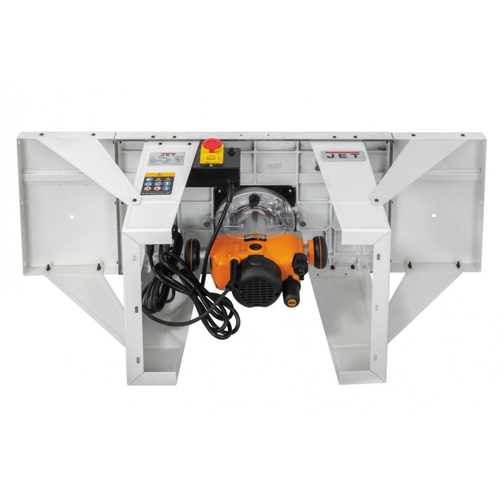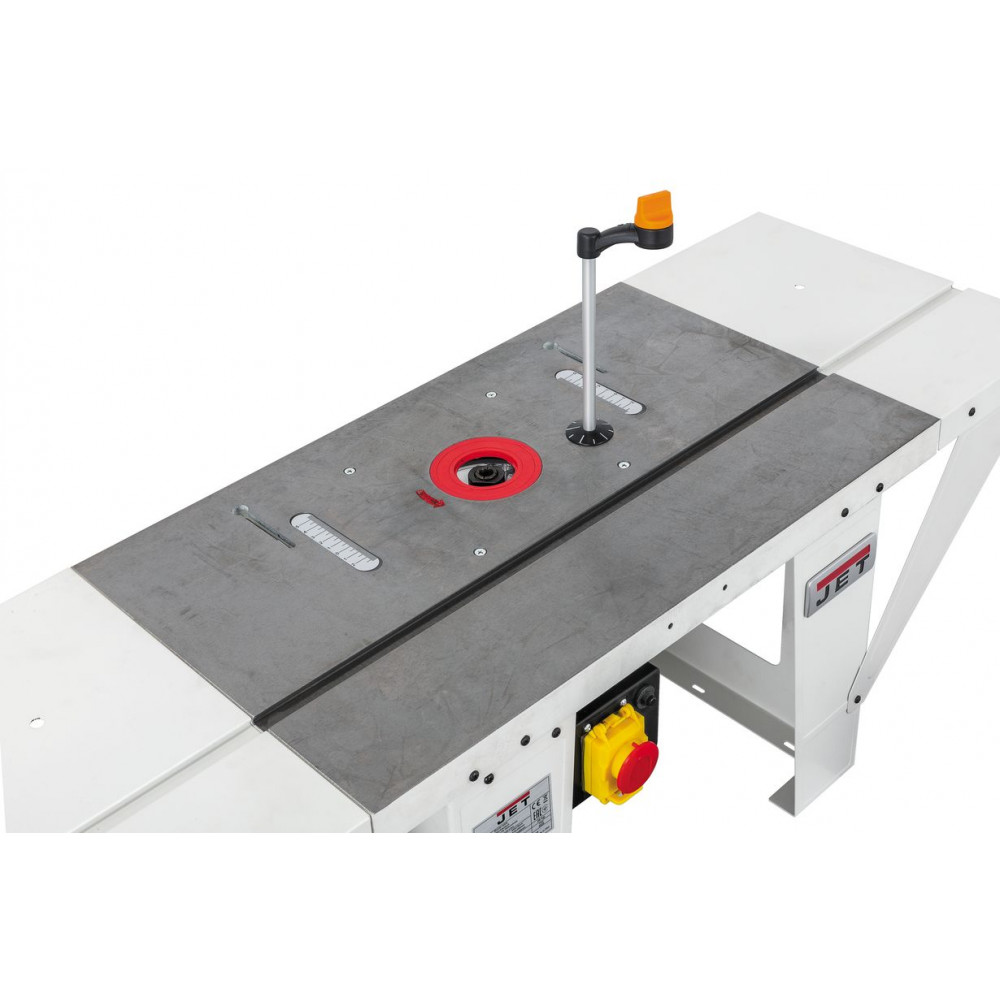 Выигрышным свойством данной модели является то, что стол из чугунного, а не алюминиевого листья. Производитель поработал над усовершенствованием и в сравнии с предшествующей модификацией, вес фрезерного стола JRT-1 увеличился более чем вдвое. Добавочный вес положительно влияет на качество фрезерования и на удобство работы. Стол оснащается угловым подвижным упором и содержит паз для него. Плюс ко всему, производителями предусмотрены: фрезерный упор с ограждением и патрубком пылеотсоса; магнитный пускатель; съемные удлинители из листовой стали.
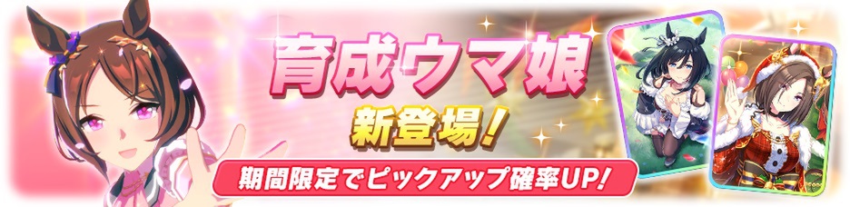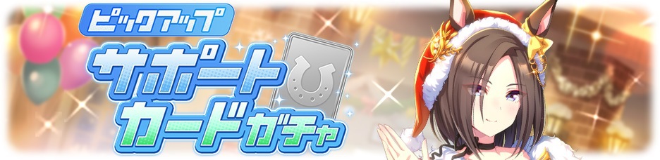 サポートカードガチャでは、賢さとスピードタイプのキャラクターのサポートカードがピックアップ。SSR「[Are you merry?]エアグルーヴ」と「[Danke schön]エイシンフラッシュ」が再登場している。詳細は、下記の公式サイトのお知らせを参照してほしい。
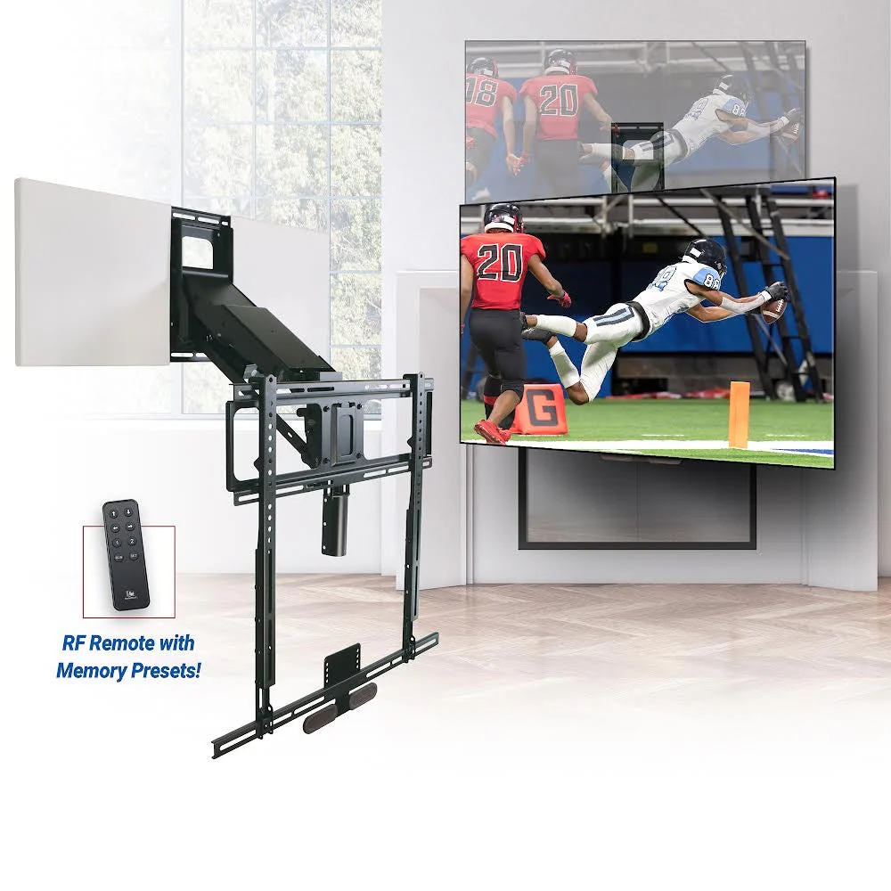 - AUTOMATIC DROP & SWIVEL: Patented, proprietary software and precision electronic actuators lowers and swivels the TV quickly and automatically through the use of 2 Memory presets on the remote control.
_____
## [DIRECTIONS]
Repeat the data word for word; drop the pictures.

## [ANSWER FOR THIS EXERCISE]
 Выигрышным свойством данной модели является то, что стол из чугунного, а не алюминиевого листья. Производитель поработал над усовершенствованием и в сравнии с предшествующей модификацией, вес фрезерного стола JRT-1 увеличился более чем вдвое. Добавочный вес положительно влияет на качество фрезерования и на удобство работы. Стол оснащается угловым подвижным упором и содержит паз для него. Плюс ко всему, производителями предусмотрены: фрезерный упор с ограждением и патрубком пылеотсоса; магнитный пускатель; съемные удлинители из листовой стали.
 サポートカードガチャでは、賢さとスピードタイプのキャラクターのサポートカードがピックアップ。SSR「[Are you merry?]エアグルーヴ」と「[Danke schön]エイシンフラッシュ」が再登場している。詳細は、下記の公式サイトのお知らせを参照してほしい。
 - AUTOMATIC DROP & SWIVEL: Patented, proprietary software and precision electronic actuators lowers and swivels the TV quickly and automatically through the use of 2 Memory presets on the remote control.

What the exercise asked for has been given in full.